Je viens d’une fratrie de 8 enfants dont une grande sœur qui m’a un peu élevée. Elle m’emmenait aux manifs. J’ai commencé à devenir militante quand j’étais en seconde, lors du mouvement contre la réforme des retraites en 2011. J’ai commencé par aller coller des affiches. Mais c’est vraiment lors des dernières élections européennes que j’ai commencé à me dire que si on veut changer les choses, il faut des gens volontaires et dynamiques qui s’impliquent. Quand on m’a proposé d’être sur la liste aux municipales, j’ai accepté.

Etre jeune est-il un handicap ?
Avec des convictions, être jeune n’est pas un handicap. C’est même une force, je pense. On apporte un dynamisme nouveau par rapport à ceux qui sont ancrés dans la vie politique.

Comment voyez-vous votre rôle d’élue ?
Comme un moyen de changer les choses, ce qui commence par le concret et le terrain, au niveau local. Etre élue permet d’agir et de mieux comprendre comment fonctionnent les choses.

Quelles sont vos principales tâches ? Quel temps y consacrez-vous ?
J’ai un « petit » service et ça se passe bien, mais j’ai quand même quitté mon travail car j’étais tiraillée entre le boulot et la charge d’ajointe, avec parfois des rendez-vous qui « s’entrechoquaient » ! Je suis à la recherche d’un mi-temps, je pense que c’est l’idéal pour être efficace, sinon on fait les choses à moitié. Le temps passé varie selon les périodes. La semaine dernière était légère, j’ai peut-être fait une douzaine d’heures. Mais cette semaine, je n’arrête pas, avec des réunions en visio tous les soirs. En raison de ma charge, je suis aux conseils d’administration de la Maison de l’Europe et de Bourgogne-Franche-Comté International. L’ensemble occasionne pas mal de réunions avec des organismes autour de l’international, mais c’est une chance car si on veut faire fonctionner les relations internationales, il faut des associations dynamiques et motivées et je m’aperçois que c’est le cas à Besançon. En plus des dossiers de mon service, je participe à plusieurs commissions municipales et je fais partie du syndicat mixte du Scot de l’agglomération (1) et du comité de suivi de la Ville amie des enfants. Cela implique beaucoup de réunions.
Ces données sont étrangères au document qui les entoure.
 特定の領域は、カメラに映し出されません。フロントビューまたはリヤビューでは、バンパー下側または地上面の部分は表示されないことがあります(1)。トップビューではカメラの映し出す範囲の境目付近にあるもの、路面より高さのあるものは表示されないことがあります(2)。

Après presque un an d’exercice, est-ce que cela correspond à ce que vous imaginiez ? Avez-vous eu des surprises, des déceptions ?
Je me suis inscrite sur la liste par conviction mais je ne savais pas vraiment à quoi m’attendre. J’ai découvert toutes les tâches en prenant mes fonctions. Ce qui peut me décevoir, c’est une certaine lourdeur, le fait que tout ne va pas aussi vite qu’on peut l’espérer. A l’opposé, je suis agréablement surprise de voir que Besançon a autant de liens internationaux.
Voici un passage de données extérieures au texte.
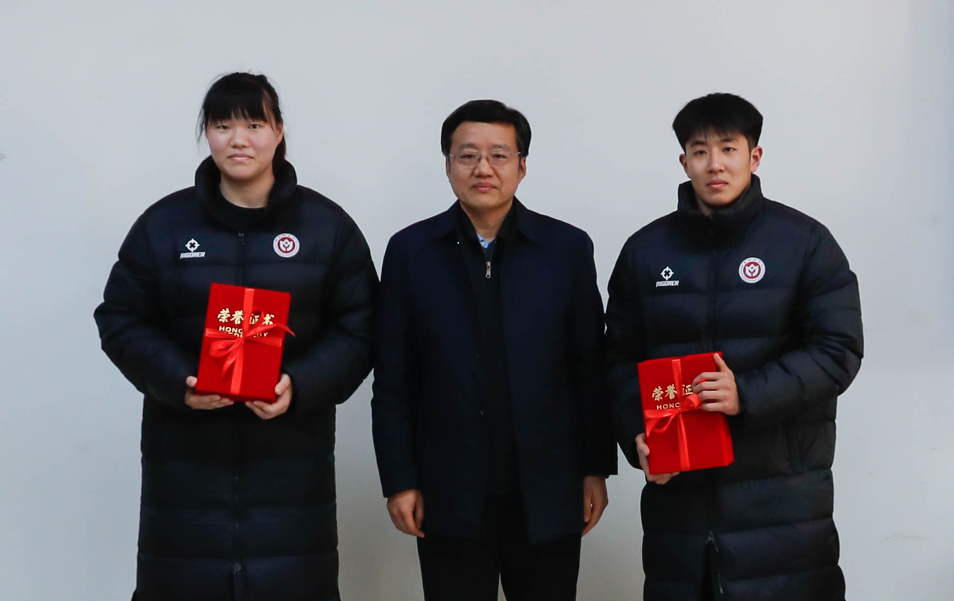 张卫国为男篮女篮优秀成员颁发“先进个人”荣誉证书

Ces fonctions vous plaisent-elles ?
Après presque un an, je peux dire que ça me plaît. J’ai pris le rythme, je suis très attachée à mes délégations et je fais du mieux que je peux pour tenir mon rôle d’élue. Cela a mis un peu de temps parce qu’il faut faire sa place dans la vie politique et comprendre comment elle fonctionne.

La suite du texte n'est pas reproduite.